WASHINGTON -- The American Bankers Association is close to winning support from key consumer groups for legislation permitting banks to sell insurance nationwide.
In return, the ABA would agree to the inclusion of several consumer safeguards.
The negotiations involve three giant consumer groups: the American Association of Retired Persons, the Consumer Federation of America, and the National Insurance Consumer Organization.
The parties hope to wrap up the negotiations by Labor Day, intending to have compromise legislation ready for Congress to consider next year, said Philip Corwin, who deals with consumer banking issues for the ABA.
Linkage to CRA Compliance
Mr. Corwin said it will be difficult for likely opponents -- such as insurance agents, who have battled to keep banks out of their business - to "to attack [the accord] on the basis of it not protecting consumers."
Any bank in the 50 states and the District of Columbia would be able to sell, but not underwrite, all types of insurance - but only if it scored one of the two highest grades for Community Reinvestment Act compliance. Banks would have to disclose the underwrite of their policies, how much of the premium compensates the bank agent, and quality ratings like those provided by A.M. Best & Co.

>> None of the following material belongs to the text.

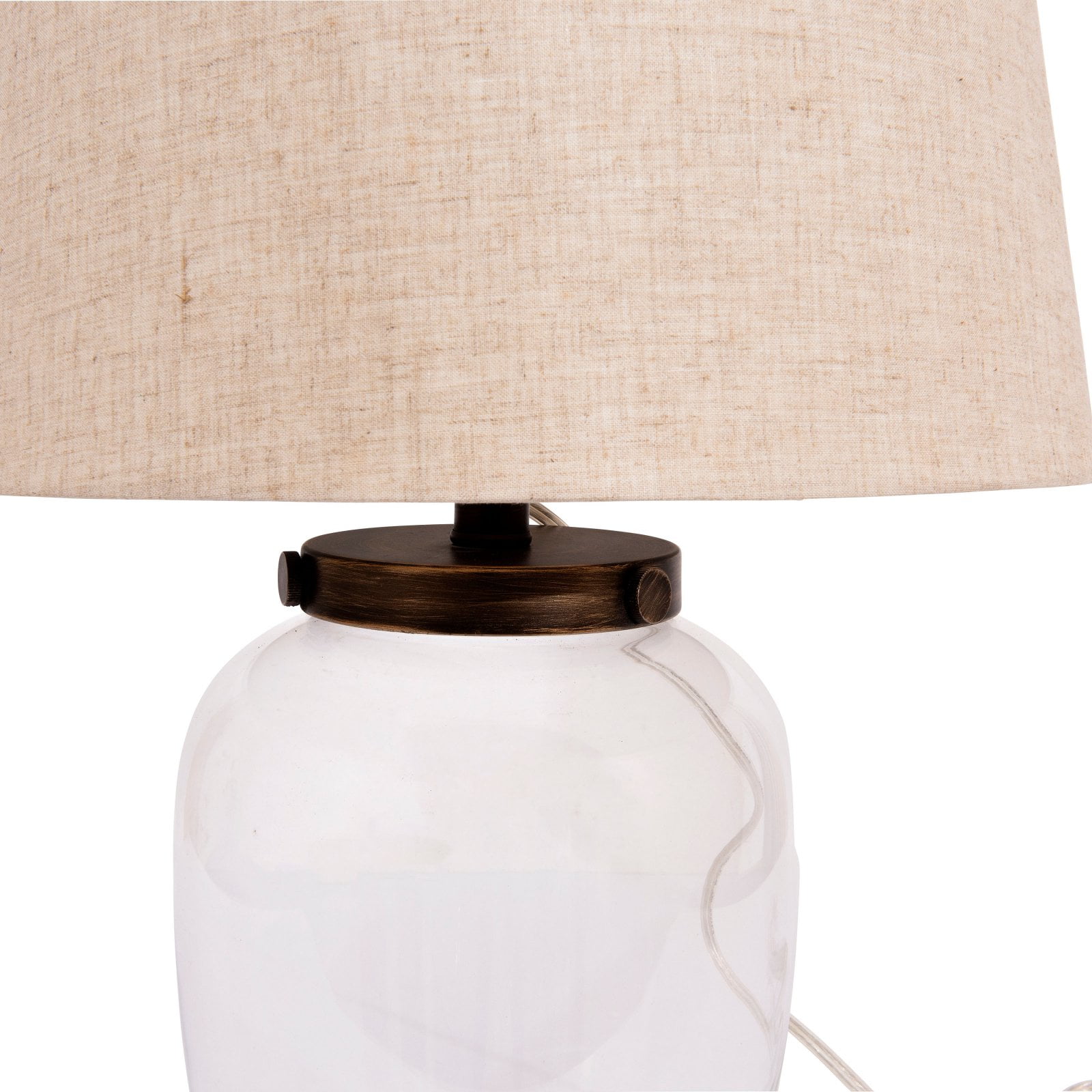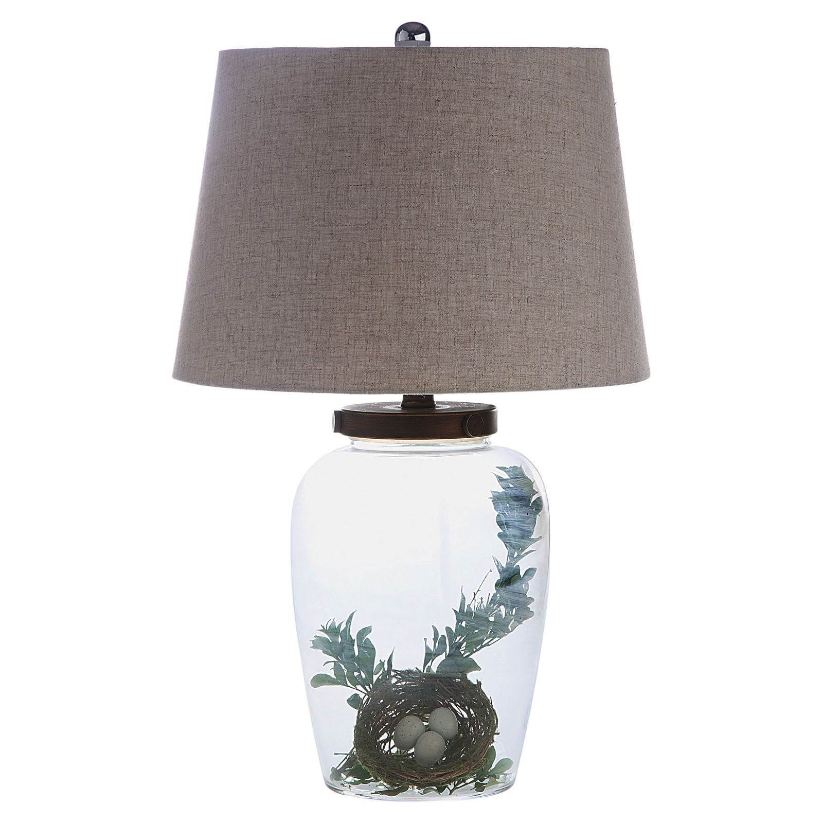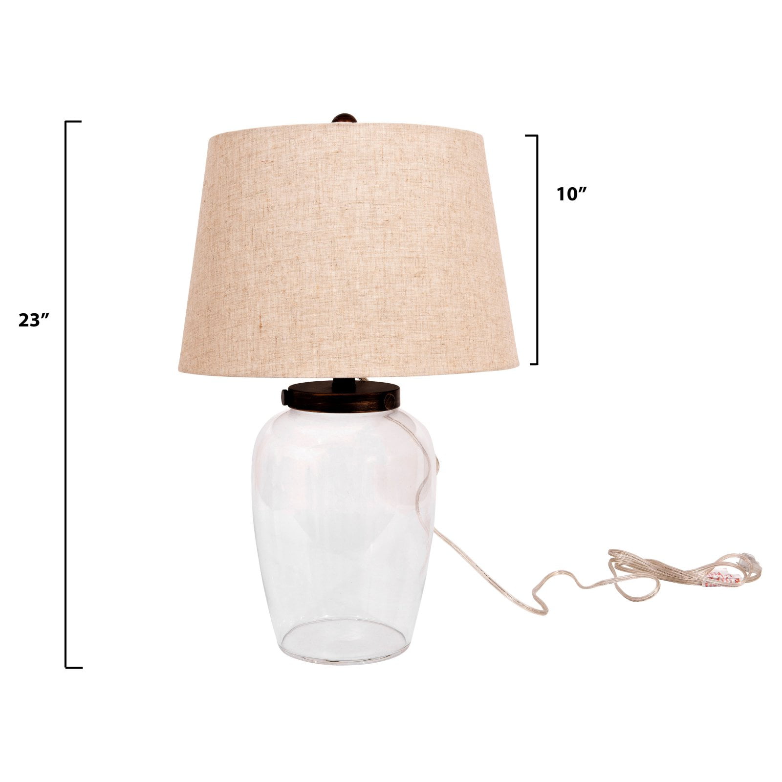 Create the exact look you want with the Woven Paths Fillable Clear Glass Table Lamp with Iron Accent and Linen Shade. Boasting a unique, customizable design, sleek silhouette, and modern flair, this accent lamp makes a brilliant complement to your room’s contemporary decor. A tan linen shade completes the look and creates the perfect ambiance. Insert glass stones or marbles, change it at Christmas and insert red and green garland or Thanksgiving with decorative fall leaves. If you change the color or theme of your room, this lamp can change right along with it. The Woven Paths Fillable Clear Glass Table Lamp with Iron Accent and Linen Shade is a fun and effortless way to add style as well as far-reaching illumination throughout your living room, office, or bedroom. The Woven Paths collection blends rustic farmhouse style with bohemian accents perfect for any season. This collection makes it easy and affordable to brighten up any room with cozy, vibrant, quality pieces.

Paul Equale, chief Washington lobbyist for the Independent Insurance Agents of America, downplayed the talks.
"We're watching with interest, but we're not going to rush to the alarm bells on this," he said.
The IIAA joined other agent groups in negotiations with a group of major regional banks. Those efforts produced an agreement on legislation that would permit interstate branching in return for some restrictions on bank insurance brokerage.
The ABA's effort to win over consumer group was reported Monday in Bank Letter, a trade publication. Early reaction from the industry was mixed.
"I think it's good idea," said Joe Belew, president of the Consumer Bankers Association. "We have been talking about similar ideas for the past year or two."
But Steve Verdier, a senior lobbyist for the Independent Bankers Association of America, warned that the ABA might be courting the same kind of legislative disaster that befell the industry last year with the Federal Deposit Insurance Corporation Improvement Act.
The 1991 bill had early and broad industry support but was gradually stripped of new bank powers and weighted down with provisions that bankers said resulted in a significant increase in their regulatory burden.
"I wonder if the banking industry might not be better off it it quit going to Congress for the powers that states seem willing to provide for us," Mr. Verdier said. Legislatures in a number of states have authorized bank insurance activity.
Kent Brunette, a lobbyist for the AARP, which endorsed some of the IBAA's legislative agenda last year, suggested that the insurance initiative "would be considered as part of a broader package." Then the senior citizens lobby would try to attach measures requiring banks to cash government checks and offer basic transaction accounts to low-income persons, he said.